Task brief → Once the line holding "Funda de Cuero" is found in the entries below, transcribe exactly every line up to and including the one holding "基于生产环境的最佳实践,重新", but leave out the pictures.

Dataset records →
BEGIN

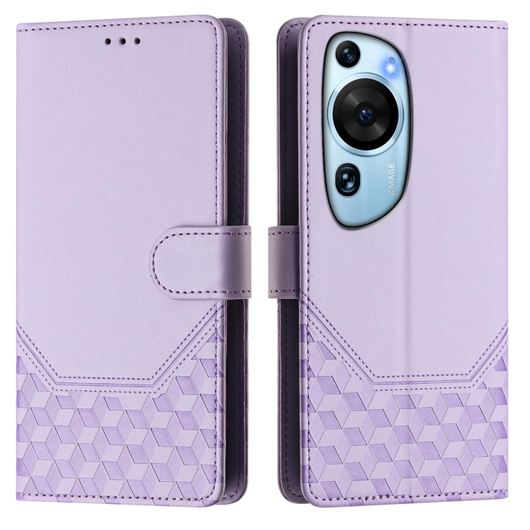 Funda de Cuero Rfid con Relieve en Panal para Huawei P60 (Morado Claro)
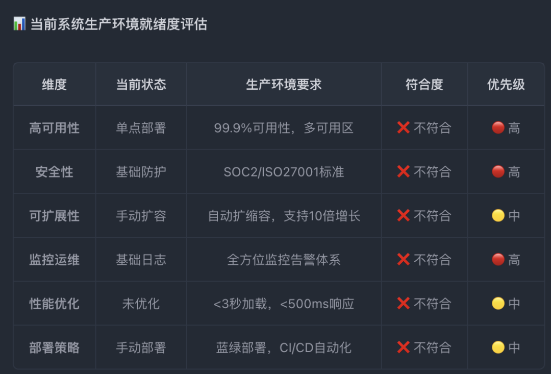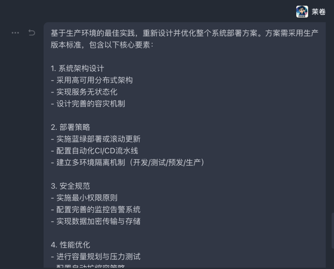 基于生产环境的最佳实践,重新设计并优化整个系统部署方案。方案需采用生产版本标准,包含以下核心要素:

END
BEGIN

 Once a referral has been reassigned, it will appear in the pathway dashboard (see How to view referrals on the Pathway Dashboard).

END

Output of the exercise →
 Funda de Cuero Rfid con Relieve en Panal para Huawei P60 (Morado Claro)
 基于生产环境的最佳实践,重新设计并优化整个系统部署方案。方案需采用生产版本标准,包含以下核心要素:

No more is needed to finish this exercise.